Scholars had various interpretations of the song's lyrics and composition. In their book The Disney Song Encyclopedia, Thomas S. Hischak and Mark A. Robinson described the composition as a "stream-of-consciousness number alternat[ing] between buffoonish comedy and cold-blooded evil". Alfredo Michel Modenessi wrote, in his article "Disney's 'War Efforts': The Lion King and Education for Death; or Shakespeare Made Easy for Your Apocalyptic Convenience" that the song drew close parallels between Scar and a Shakespearean character, and further develops his relationship with the hyenas following his assumption of power. Modenessi identified "The Madness of King Scar" as taking on qualities of a tango. Connecting Scar's behaviour with the Argentine tango, Modenessi described his attempts to approach Nala as occurring to "the beat of that stereotyped 'music of seduction'".

== Reception and impact ==
"The Madness of King Scar" received primarily positive reviews from music critics.

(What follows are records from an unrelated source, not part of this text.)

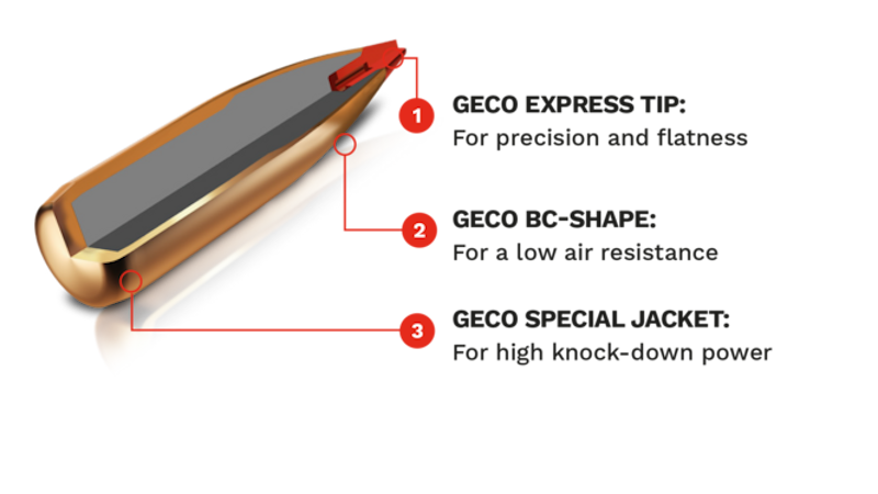 Фирменная оболочка GECO гарантирует непревзойденную ударопрочность, позволяя пуле преодолевать любые преграды на пути к добыче.
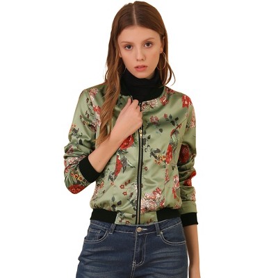 INSPIRE CHIC Women's Sequin Sparkle Front Zipper Cropped Bomber Jacket
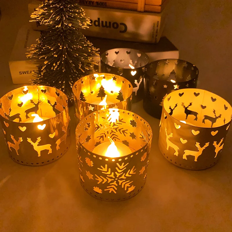 Christmas Iron Hollow Candle Holder Merry Christmas Decorations For Home Table Ornaments Noel Navidad Natal New Year Gifts 2023
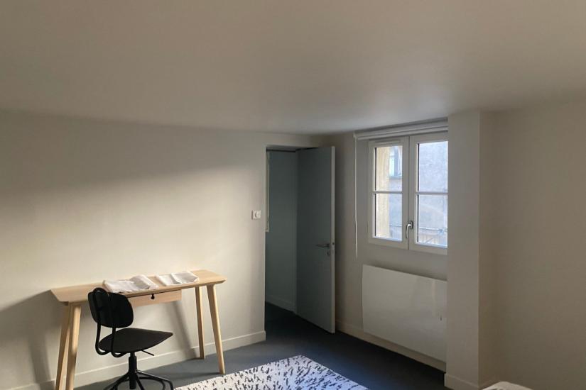 Nantes centre-ville (proche Graslin), dans une copropriété d'exception, un T2 en duplex de 54.54 m² comprenant une entrée avec placard, une pièce de vie avec cuisine aménagée et équipée (plaque de cuisson, hotte, réfrigérateur, four et lave-vaisselle). A l'étage, une lingerie, une salle d'eau avec wc et une chambre avec dressing.
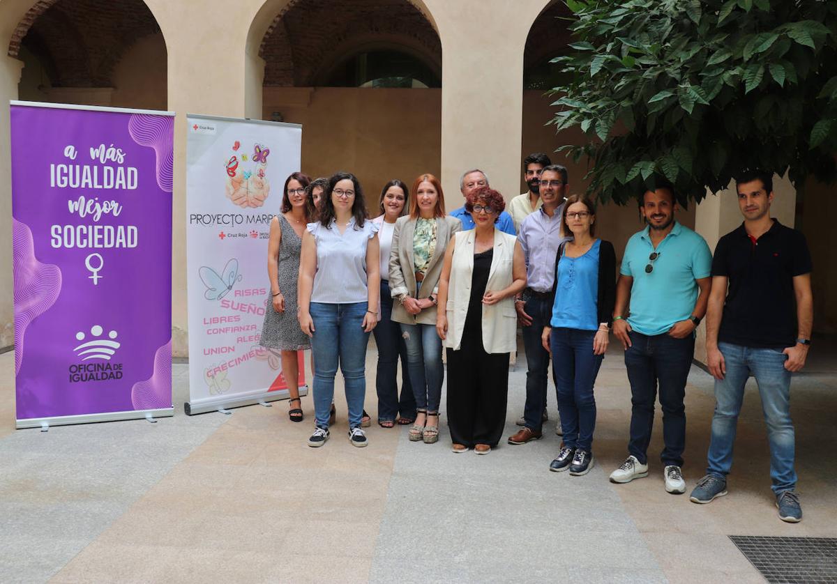 El presidente provincial de Cruz Roja, Alfonso Méndez; los técnicos María Gómez y Jesús Amaro, y la diputada de Igualdad de la provincia de Badajoz, Lourdes Linares, han presentado en la mañana de este jueves el proyecto 'Autoexpresión, Empoderamiento, Ocio y Tiempo Libre de Hijas e Hijos de Mujeres Víctimas de Violencia de Género', también conocido como Proyecto Mariposas.
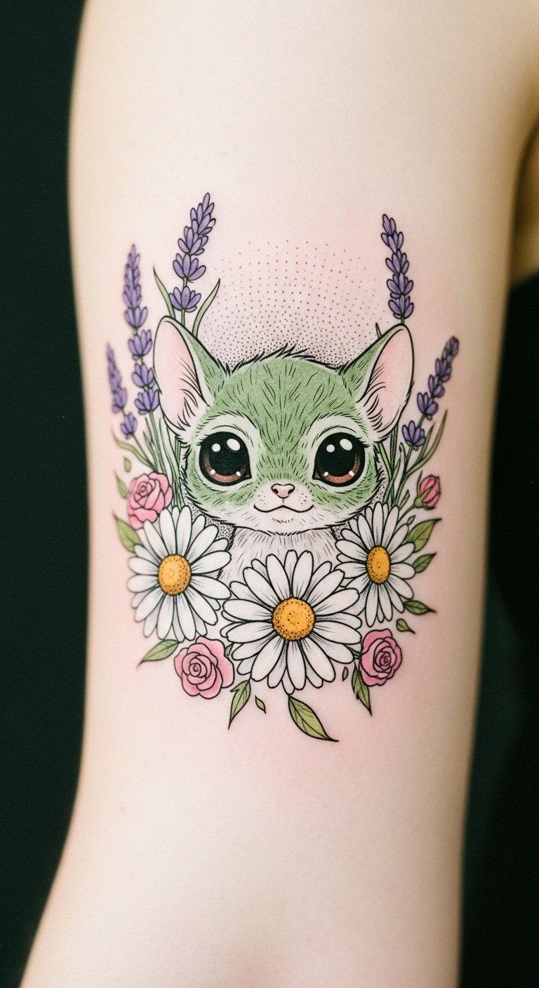 This design can flourish beautifully on your forearm or shoulder, allowing you to showcase your love for both nature and the galaxy’s cutest creature.

Ben Hewis of WhatsOnStage.com included the song in his list of his top five favourite show tunes, writing that it "shin[ed] a humanising light on the thought process of Scar is brilliantly effective storytelling". Hewis found the middle verse of the track to be an interesting exploration of Scar in particular, and was disappointed by its removal from current productions of the musical.

Featuring it as an example of why Scar was one of the "15 most terrifying musical theater villains", Backstage's KC Wright described it as a "snarling signature song". Megan Green of Australian Stage wrote that "The Madness of King Scar" was an example of one of the "new, and equally memorable, songs" created for the musicals. James MacKillop of The Syracuse New Times described "The Madness of King Scar" and "Be Prepared" as the show's standouts.

Some commentators had more mixed to negative responses to the song. Brandon Jones of The Global Dispatch criticised "The Madness of King Scar" and "Chow Down" as "a bit too tedious", and felt that the beginning of the second act was too long. Heather Violanti was critical of the song's content, writing that its "disgusting jokes about intestinal worms may drive you mad yourself", and negatively compared it to the Lebo M-written "One by One".

=== Fan-made animation ===

In 2014, animator Eduardo Quintana released an original sequence using a portion of Vickery's version of "The Madness of King Scar". Created as a "tribute" to the musical and the 20th anniversary of the animated film, Quintana had spent roughly two years completing the animation for the video. Focused on the dialogue between Scar and Nala, the scene begins with Scar chewing on a bone before progressing to his sexual propositions to Nala. Released on Quintana's official YouTube account, the video reached over two and a half million views as of 23 November 2016.

Critical response to the video has been positive. Mikey McCollor praised the animation, writing that he had initially believed it was done by Walt Disney Animation Studios animators. Van der Will wrote that Quintana's animation was "seriously out of this world!" Christophe Foltzer of the website Ecranlarge.com also praised Quintana, emphasising the amount of animation that he did as the video's sole animator. Foltzer wrote that he wanted to see further work from Quintana.